-- INFORMATION --
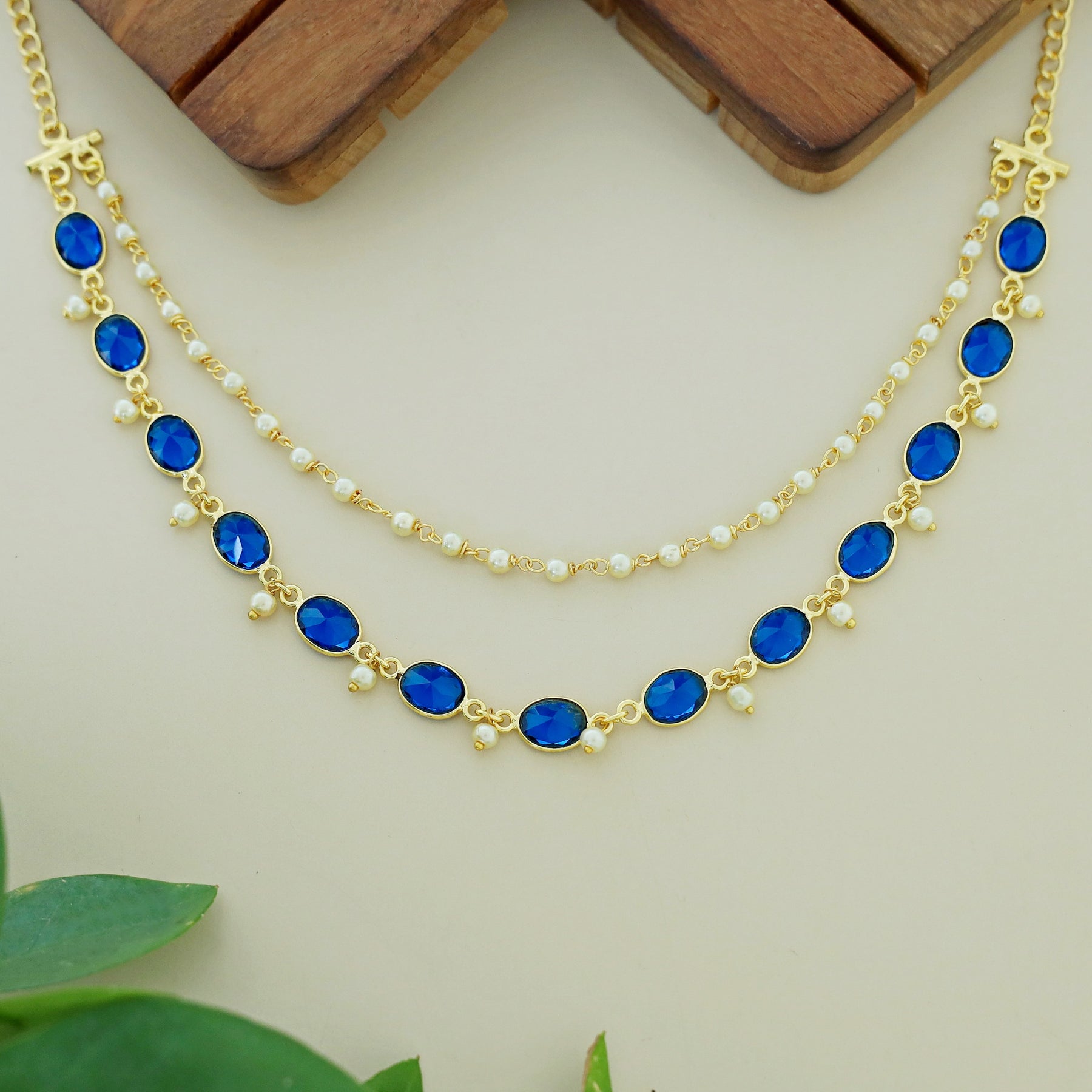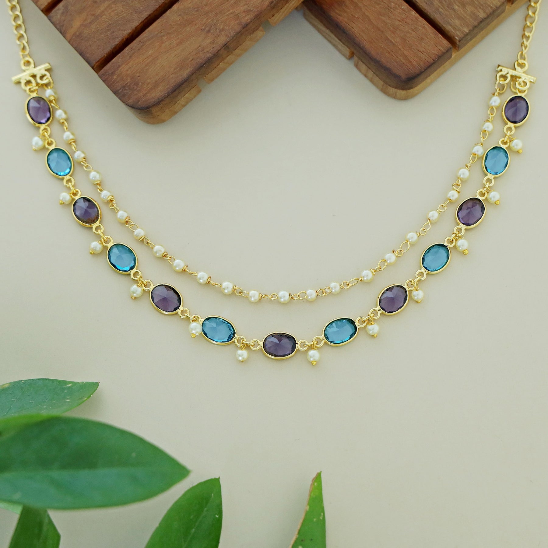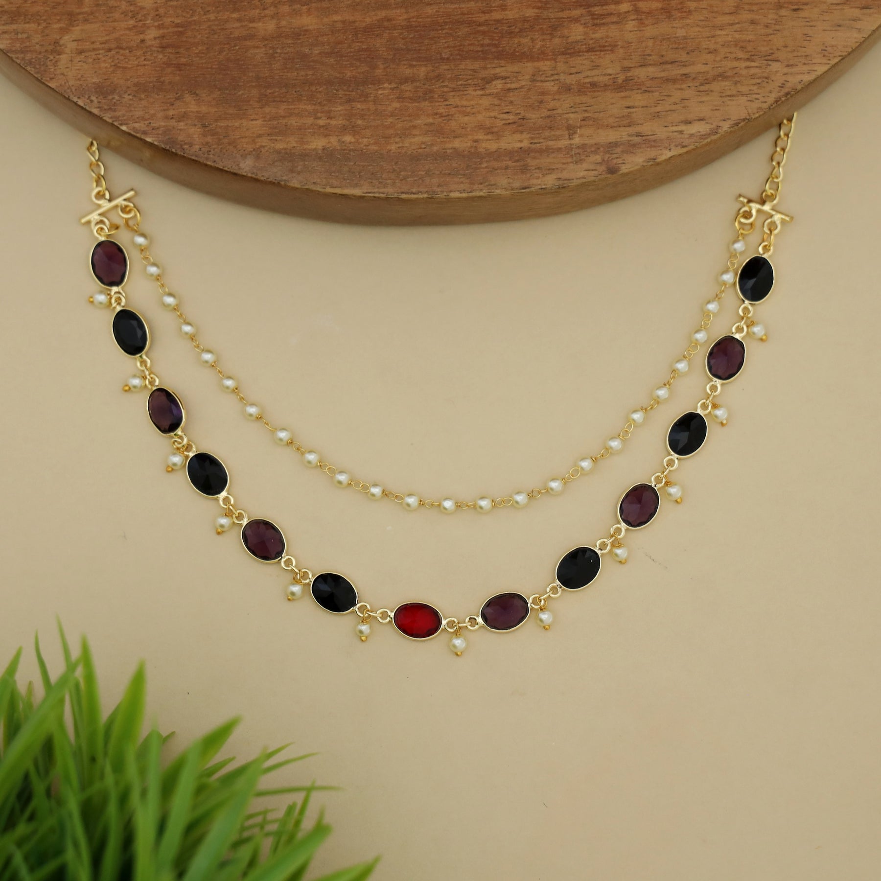Carly Pearl 2 Layer Oval Glossy Stone Neckpiece
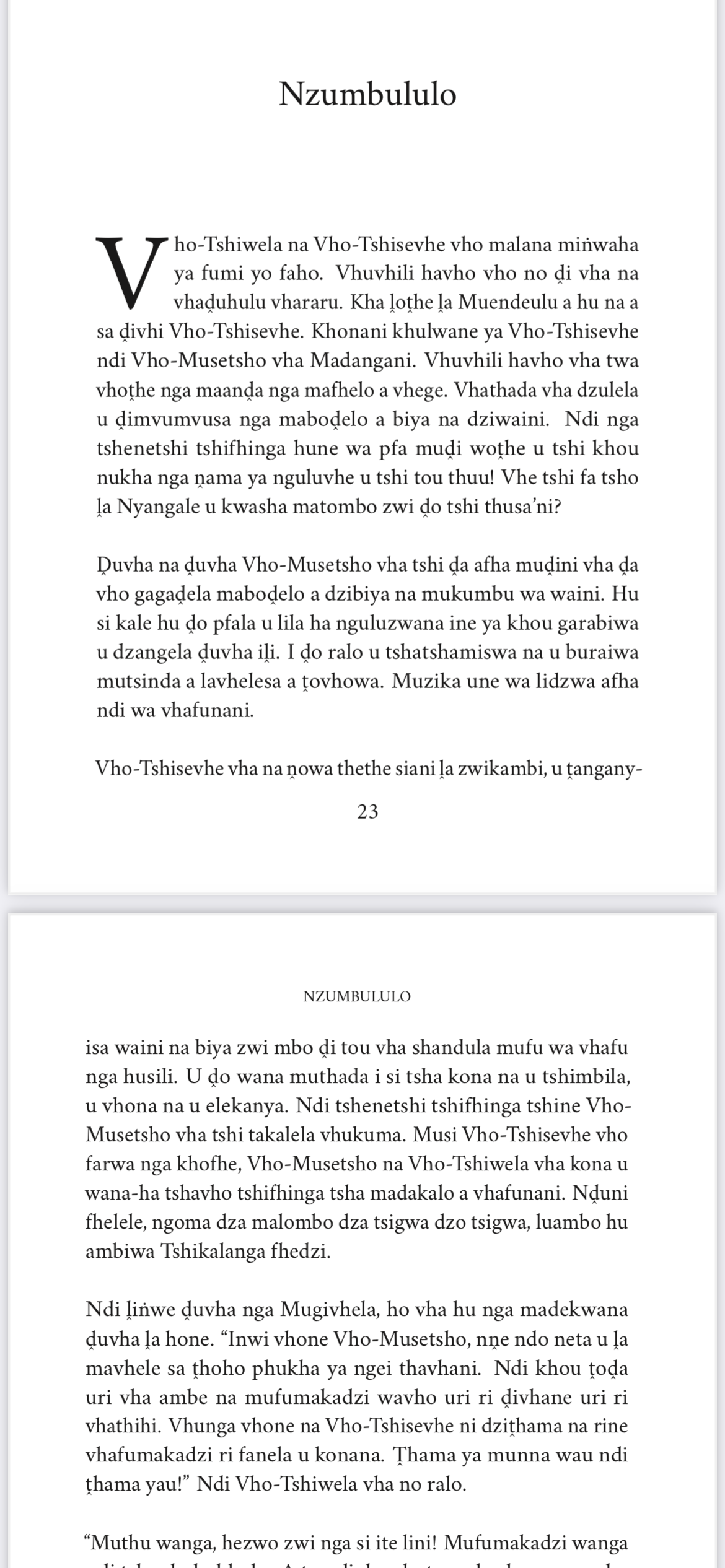 Tshivenḓa tsho shumiswaho kha bugu eyi tsho ṱamba tsha dovha tsha sedzuluswa nga vhaṅwe vhaṅwali makone. Kha vha ḓo pfa kusuvhele kwa luambo lwe Mudzimu wa Vhavenḓa Ṅwali a ri tonda ngalwo.
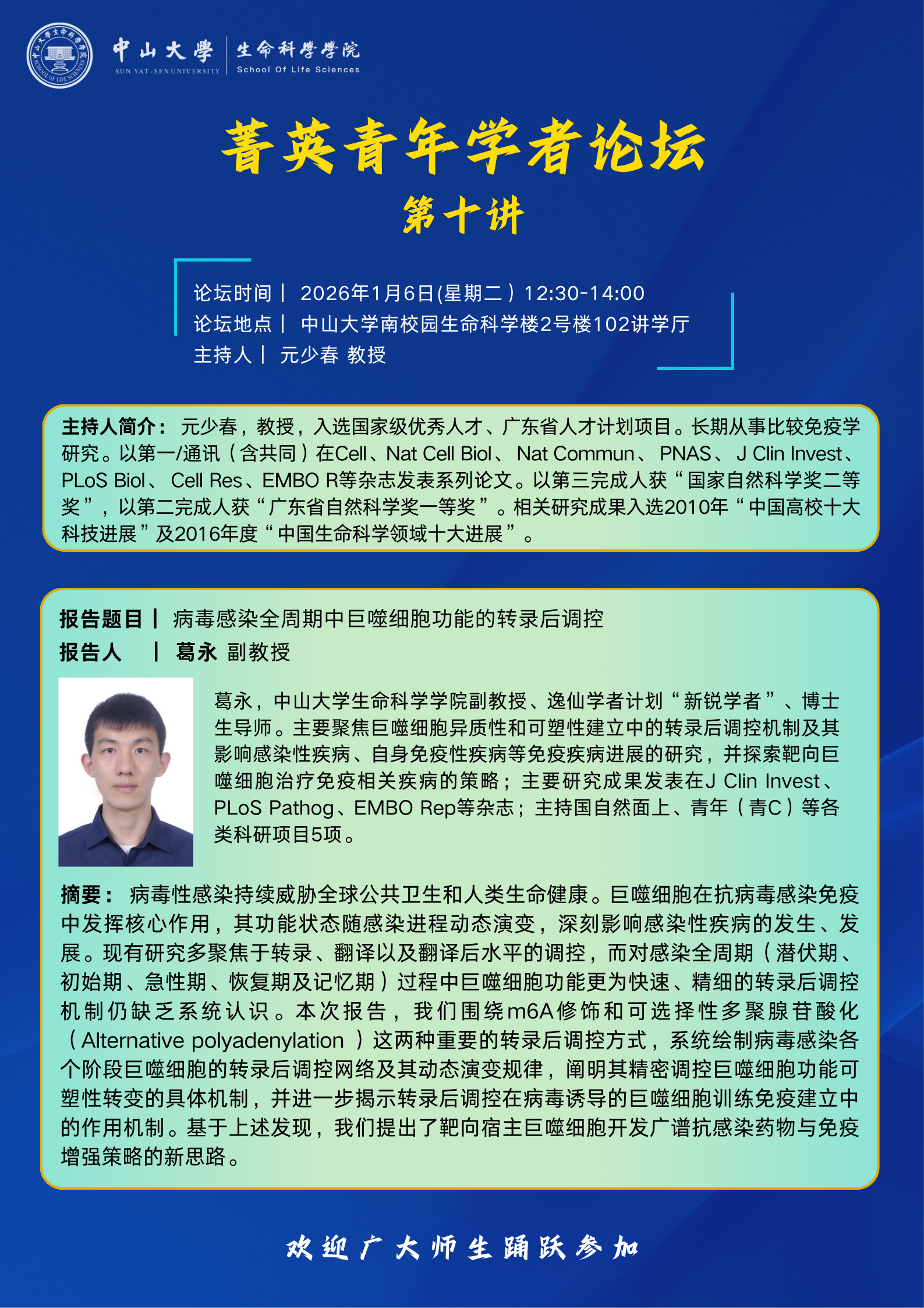 2026年1月6日菁英学者论坛第10讲:病毒感染全周期中巨噬细胞功能的转录后调控
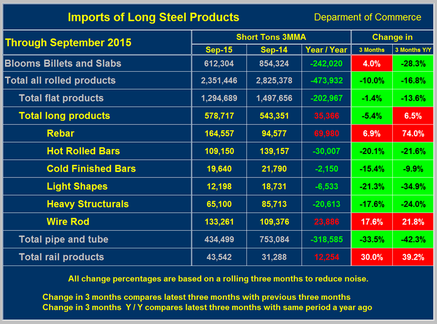 Table 2 shows the same analysis for long products. For total long products the tonnage was down by 5.4 percent 3M/3M but up by 6.5 percent Y/Y. In the 3M/3M comparison, rebar and wire rod both increased which they also did year over year. Having said that we need to break our rule and observe that in the single month of September rebar was down by 36 percent from August. Imports of pipe and tube declined by 33.5 percent 3M/3M and by 42.3 percent y/y. In the single month of September, rail products at 61,756 were the highest since April 2013 and the 3MMA was at the top end of the range that has existed since the recession.
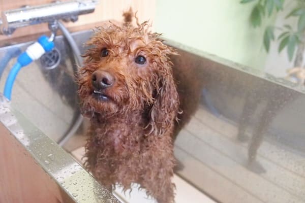 顔に泡を付けることも大丈夫、もこもこ洗っても大丈夫、でもお湯で流そうとするとすごく嫌がるんです。
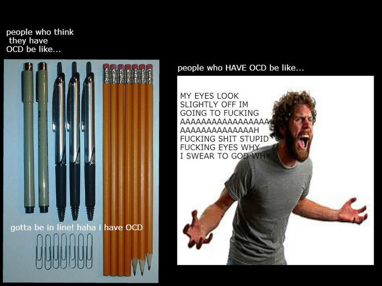 It still sort of bugs me how the Internet as a whole doesn't understand what OCD actually is, so there's a long running (too long) joke that anything out of place makes your "OCD act up." My brother has been diagnosed with OCD since he was a kid, and that's not how it manifests at all. In his case, he compulsively has to "even out" (how he first described it) anything that touches the right side of his body by touching the left side in the same place. OCD isn't about wanting things to be symmetric or nicely aligned - that's just natural for anyone to like, because it's pleasing to the eye. For something to truly be OCD, it has to be Obsessive and Compulsive (it's in the name, clever, right?), not just a preference for something (order) over something else (disorder).
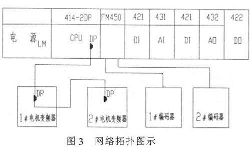 采用PLC 與變頻器控制方法, 實現(xiàn)多個分散驅(qū)動電機同步運行。PLC 采用西門子S7400 系列, 圖3為網(wǎng)絡(luò)拓撲圖。
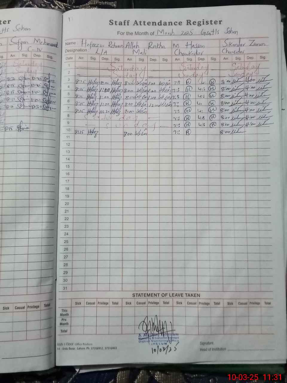 | CNIC | Full Name | Designation | R/C | Absence During Last Calender Month |
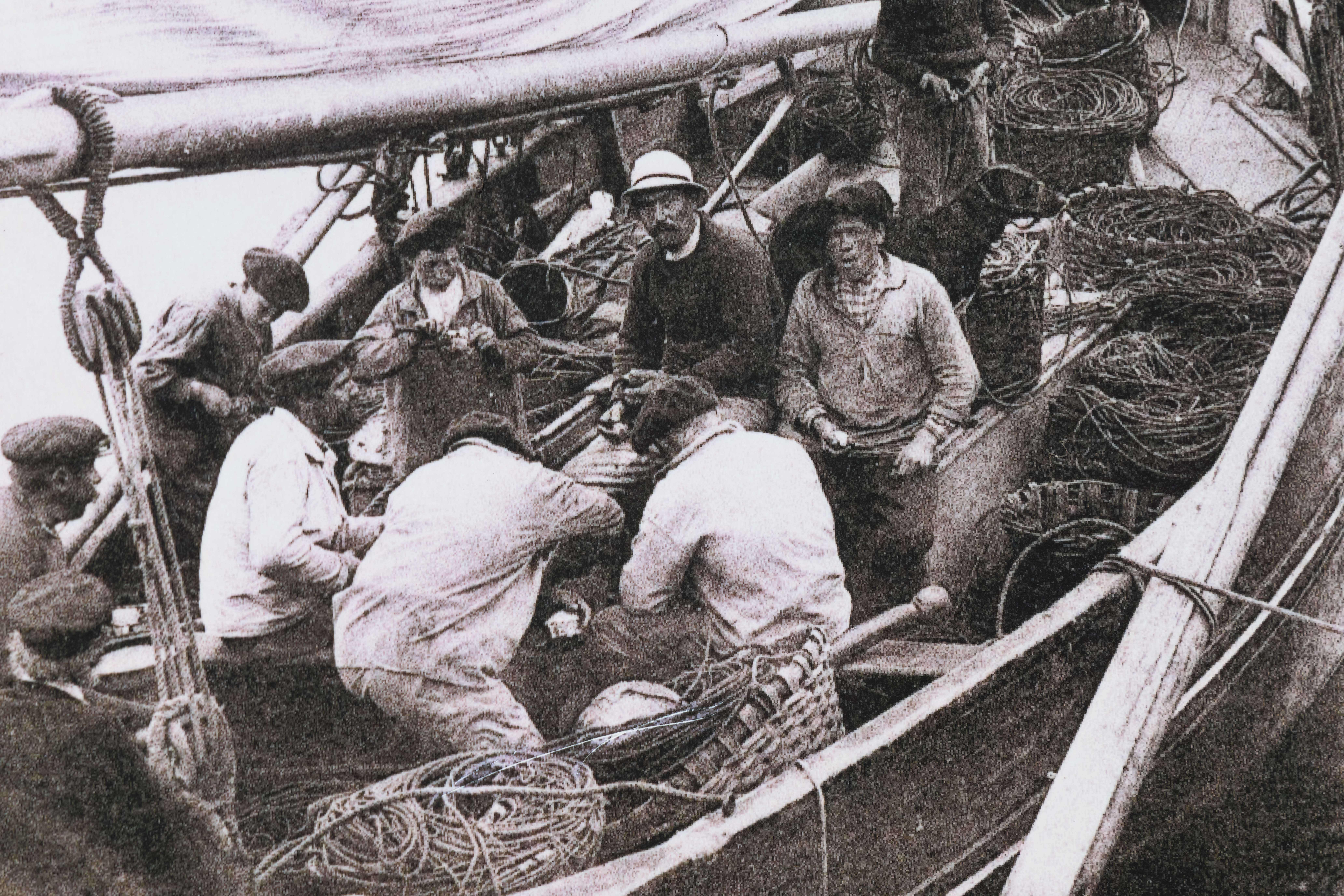 Dans le cadre d’une exposition historique sur le port de Barfleur, un cliché en noir et blanc rappelle la rudesse de la pêche artisanale il y a plus d’un siècle. L’image est centrée sur un groupe de sept marins regroupés sur le pont, occupés à des tâches manuelles. Leurs visages, marqués par le vent et le labeur, sont encadrés par des casquettes ou des bonnets de marin. Leurs vêtements sont simples et fonctionnels, adaptés à la vie rude en mer. Le bateau lui-même est un vieux gréement en bois. Les plans de travail sont envahis par les cordages épais, entassés en grosses bottes, ainsi que par d’autres éléments de l’accastillage. Cette structure navale et cet équipement témoignent de la dépendance à la seule force physique et à l’expérience traditionnelle pour naviguer et pêcher. La densité des hommes sur un espace réduit, travaillant de concert, évoque une vie communautaire intense. La préparation observée n’est que le prélude à une campagne de pêche longue, difficile et périlleuse, où les hommes devront affronter les éléments sans l’aide de la technologie moderne.
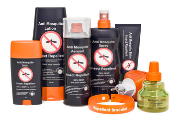 Mosquito repellent. Woman using insect repellent spray outdoors.
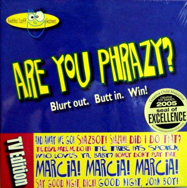 The TV edition of Are You Phrazy. Players make witty conversation in an attempt to be the first player to get rid of all their cards. All the cards have famous phrases from TV shows. Green cards are used to start the conversation("Da Plane! Da Plane!) Yellow to keep the conversation going("Who loves ya baby!") Red to stop the conversation("Good night, John...

-- WHAT TO WORK ON --
With the pictures left out, return all the material above exactly.

-- RESPONSE AREA --
Carly Pearl 2 Layer Oval Glossy Stone Neckpiece
 Tshivenḓa tsho shumiswaho kha bugu eyi tsho ṱamba tsha dovha tsha sedzuluswa nga vhaṅwe vhaṅwali makone. Kha vha ḓo pfa kusuvhele kwa luambo lwe Mudzimu wa Vhavenḓa Ṅwali a ri tonda ngalwo.
 2026年1月6日菁英学者论坛第10讲:病毒感染全周期中巨噬细胞功能的转录后调控
 Table 2 shows the same analysis for long products. For total long products the tonnage was down by 5.4 percent 3M/3M but up by 6.5 percent Y/Y. In the 3M/3M comparison, rebar and wire rod both increased which they also did year over year. Having said that we need to break our rule and observe that in the single month of September rebar was down by 36 percent from August. Imports of pipe and tube declined by 33.5 percent 3M/3M and by 42.3 percent y/y. In the single month of September, rail products at 61,756 were the highest since April 2013 and the 3MMA was at the top end of the range that has existed since the recession.
 顔に泡を付けることも大丈夫、もこもこ洗っても大丈夫、でもお湯で流そうとするとすごく嫌がるんです。
 It still sort of bugs me how the Internet as a whole doesn't understand what OCD actually is, so there's a long running (too long) joke that anything out of place makes your "OCD act up." My brother has been diagnosed with OCD since he was a kid, and that's not how it manifests at all. In his case, he compulsively has to "even out" (how he first described it) anything that touches the right side of his body by touching the left side in the same place. OCD isn't about wanting things to be symmetric or nicely aligned - that's just natural for anyone to like, because it's pleasing to the eye. For something to truly be OCD, it has to be Obsessive and Compulsive (it's in the name, clever, right?), not just a preference for something (order) over something else (disorder).
 采用PLC 與變頻器控制方法, 實現(xiàn)多個分散驅(qū)動電機同步運行。PLC 采用西門子S7400 系列, 圖3為網(wǎng)絡(luò)拓撲圖。
 | CNIC | Full Name | Designation | R/C | Absence During Last Calender Month |
 Dans le cadre d’une exposition historique sur le port de Barfleur, un cliché en noir et blanc rappelle la rudesse de la pêche artisanale il y a plus d’un siècle. L’image est centrée sur un groupe de sept marins regroupés sur le pont, occupés à des tâches manuelles. Leurs visages, marqués par le vent et le labeur, sont encadrés par des casquettes ou des bonnets de marin. Leurs vêtements sont simples et fonctionnels, adaptés à la vie rude en mer. Le bateau lui-même est un vieux gréement en bois. Les plans de travail sont envahis par les cordages épais, entassés en grosses bottes, ainsi que par d’autres éléments de l’accastillage. Cette structure navale et cet équipement témoignent de la dépendance à la seule force physique et à l’expérience traditionnelle pour naviguer et pêcher. La densité des hommes sur un espace réduit, travaillant de concert, évoque une vie communautaire intense. La préparation observée n’est que le prélude à une campagne de pêche longue, difficile et périlleuse, où les hommes devront affronter les éléments sans l’aide de la technologie moderne.
 Mosquito repellent. Woman using insect repellent spray outdoors.
 The TV edition of Are You Phrazy. Players make witty conversation in an attempt to be the first player to get rid of all their cards. All the cards have famous phrases from TV shows. Green cards are used to start the conversation("Da Plane! Da Plane!) Yellow to keep the conversation going("Who loves ya baby!") Red to stop the conversation("Good night, John...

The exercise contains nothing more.